Problems with the presently known donor resin systems are poor shelf-life with the dye in the donor sheet. Blooming, or movement of the dye out of the resin system, can be caused by solubility properties of the dye in the resin. Bleeding of the dye can occur when the dye transfers from one material onto another material caused by some other additive which carries the dye out of the resin layer.
According to the present invention it has been found that a chlorinated polyvinyl chloride (CPVC) resin, PVC, and/or a combination of CPVC with a polyvinyl chloride resin substantially aids in the effective transfer of a heat transferable dye in thermal transfer process. These resins promote dye solubility and provide smaller dye crystal sizes.

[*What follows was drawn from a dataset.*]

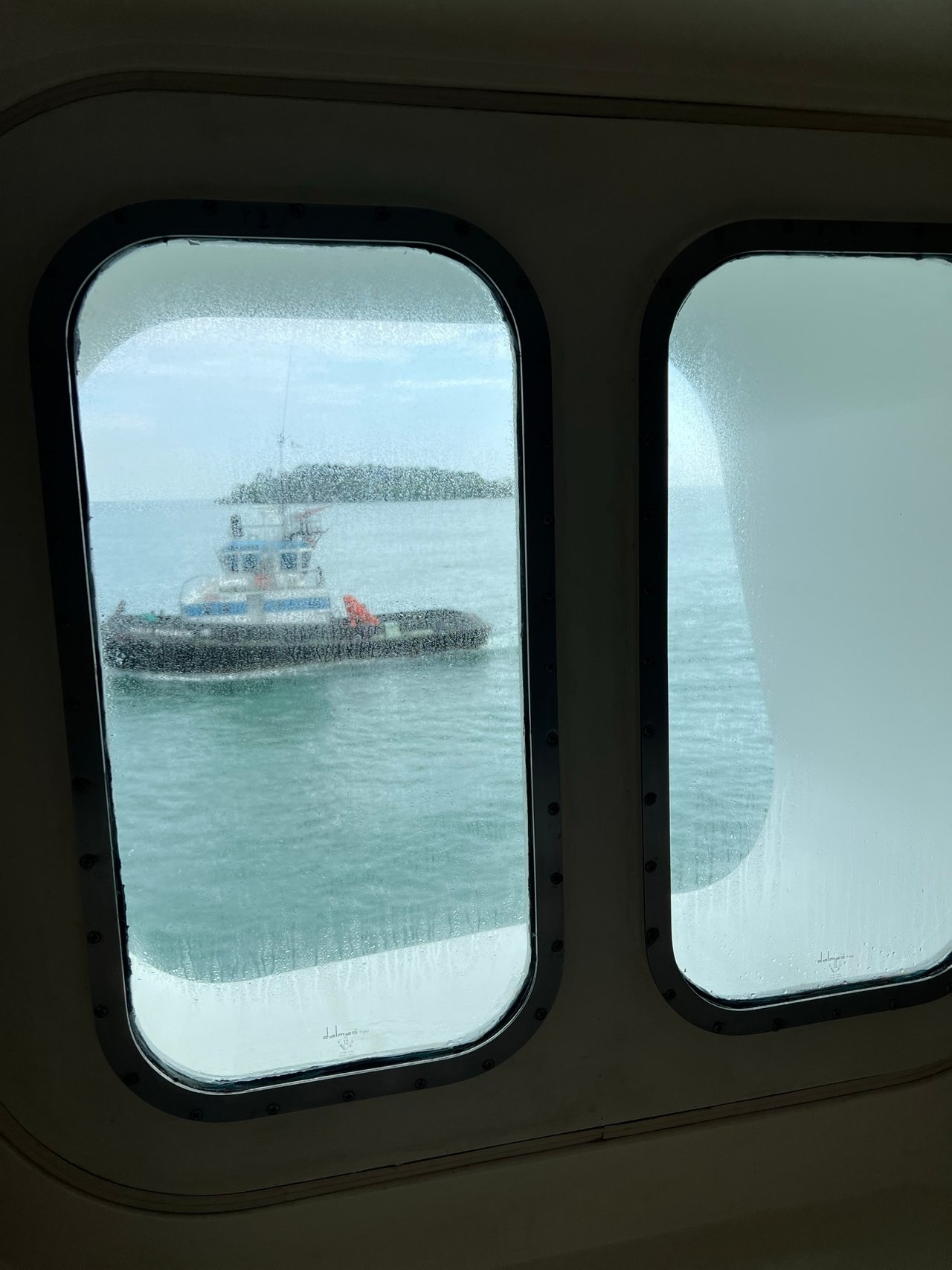 We went up on deck before breakfast early, 20 km before arriving at the port.

Although polyvinyl chloride is well known as a resin used in thermal transfer systems, it is commonly used in a thermal receptor sheet as mentioned in patents such as in EP 133011, EP 133012, and many other patents. To our knowledge it has not been disclosed as a functional resin for a dye donor sheet. CPVC, PVC and combinations thereof have shown surprisingly high dye transfer efficiencies and good donor shelf life stabilities. These resins have high dye loading capability, as indicated in tests of transparency index measurements.
In the practice of the present invention, a dye donor sheet is made which comprises a support having a dye layer comprised of dye dispersed in a binder of CPVC and/or PVC. The chlorine content of the chlorinated polyvinyl chloride resin or polyvinyl chloride resin of the present invention is from 56-74% by weight of the polymer, and most preferrably 56% to 67% by weight of the polymer. The inherent viscosity of the CPVC of the present invention is generally from 0.4 to 1.5 and preferably from 0.46-1.15. The glass transition of the CPVC and/or PVC is from 80° C. to 160° C.

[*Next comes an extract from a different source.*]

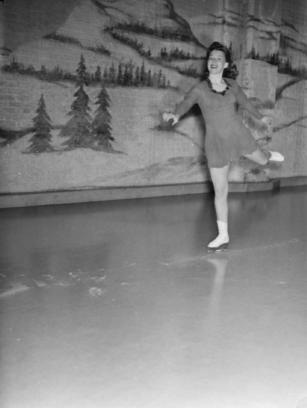 Skating. Suzanne Thouin, 14 février 1945, Archives nationales à Montréal, Fonds Conrad Poirier, (06M,P48,S1,P12481), Poirier, Conrad.

The chlorinated polyvinyl chloride and resins of the present invention is used in a concentration which will provide an effective dye donor element. In a typical embodiment of the present invention, an amount of 10% to 80% by weight is used for the donor composition, preferably in the amount of 30% to 70% by weight.
In another preferred emodiment of the present invention, an additional resin may be used in the makeup of the present invention. Additional resins are typically hydrophobic in nature, which include phenoxy resins such as PKHH (a bisphenol A polymer available from Union Carbide), polyhydroxyethers, cellulose derivatives, cellulose acetates, cellulose acetate butyrates, cellulose actetate proprionates, polyesters, vinyl compounds such as vinyl acetates, vinylbutyrals, vinyl chlorides, small amounts of polyvinyl alcohol, acrylates such as methylmethacrylate, acrylonitrile, and styrene. These resins maybe used in any combination, generally in the amount of up to 50% by weight, e.g., 1% to 50% by weight, preferably 1% to 30% by weight of the composition. These additional polymeric components may be added as blends or the units copolymerized with the chlorinated polyvinyl chloride and/or the vinyl chloride. Both the PVC and CPVC resins may be copolymers.

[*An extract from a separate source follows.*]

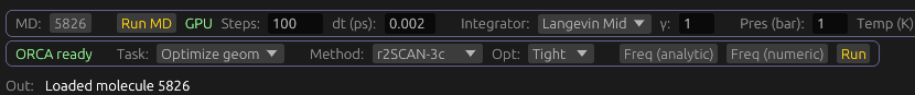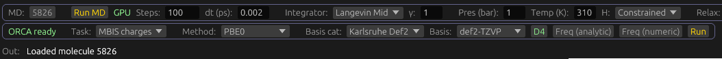 molchanica integrates with the ORCA quantum chemistry software. It provides powerful tools which can supplement this application's functionality. We only support a targeted subset of Orca's functionality, and provide a simple UI for this. This documentation page provides a practical description; for details on how these computations are performed, and hints on how to configure the Orca run, reference the official ORCA manual.

Any dye which satisfies the following requirements can be used in the construction of the present inveniton. These requirements are that the dye/dyes be transferable by heat to the dye recieving layer. The heat transferred dyes are soluble or intimately dispersible within the polymeric coating of the dye donor sheet. Preferred dyes are azo, indoanaline, anthraquinone, amino styryl, tricyanostryl, thiazine, diazine and oxazine. Typically the molecular weight range is from 100 to 800.
The ratio of dye to binder is preferably from 30:70 to 80:20 to provide high density transfer, good adhesion between the dye and substrate, and to inhibit migration of the dye during storage.
The dye door construction may also contain additives to help stabilize and solubilize the dye. The additives can be added in concentrations from 0.1% of the total dye concentration to 20% by weight. Such additives include polyurethanes, plasticizers, UV stabilizers, heat stabilizers, surfactants, silicones, low Tg polymers (Tg below or equal to 80° C.) and elastomers.
The dye donor layer is usually coated out of an organic solvent. Suitable solvents are THF, MEK, and mixture thereof, MEK/toluene blends, and THF/chlorinated solvent blends.
Suitable substrates for the donor for use in the present invention include substrates that are smooth, transparent or opaque, continuous, and non-porous. It may be of natural or synthetic polymeric resin (thermoplastic or thermoset). For the most commercial purposes the substrate is preferably a polymeric resin such as polyester (e.g. polyethyleneterephthalate, which may be biaxially oriented and dimensionally stabilized), polyethylene napthalate, polysulfones, polycarbonate, polyimide, polyamide, cellulose papers. The support generally has a thickness of less than 15 microns, usually between 1-12 microns, with less than 6 microns preferred.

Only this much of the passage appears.